Tout comme la Côte d’Ivoire, le Togo dispose de tous les atouts pour émerger dans le développement des chaînes de valeur en ressources halieutiques. Pour l’instant l’on ne parle que du lac de Nangbeto et quelques piscicultures ici et là. Le Mono, l’Oti, la Kara et la possibilité de faire de la pisciculture hors sol avec ses apports en fertilisant pour la production maraichère.
La plus grande inquiétude vient du fait que c’est le Chef de l’État Faure Gnassingbé en personne qui a arbitré entre les importateurs et les pisciculteurs.

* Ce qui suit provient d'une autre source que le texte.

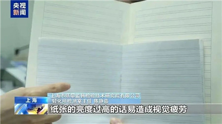 专家表示:“小朋友在做作业的过程中,纸张的亮度过高,易造成视觉疲劳,对眼睛的刺激比较大,长期接触对视力是有不利影响。”
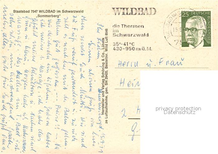 73168168 alte Postkarte Wildbad Schwarzwald Fliegeraufnahme Sommerberg postalisch gelaufen Erhaltung siehe scans [KathaD81] KatCode: 11110008235079

C’est à cet instant que le Président de la République Togolaise avait décidé et demandé au Ministre Kokou Tengue de retenir ce taux de 10% à faire appliquer par l’administration publique. Alors toute attitude contraire venant de certains hauts fonctionnaires de la république en total déphasage avec les lois, au-delà de l’indélicatesse, peut être qualifiée de sabotage économique ou simplement la pure trahison.
Bref, tous les ingrédients sont sur place, tant en ressources humaines qu’en matières premières. Il suffit d’avoir une gouvernance responsable qui respecte ses propres règles, d’accompagner les institutions financières et aussi d’une dose de patriotisme de la masse populaire.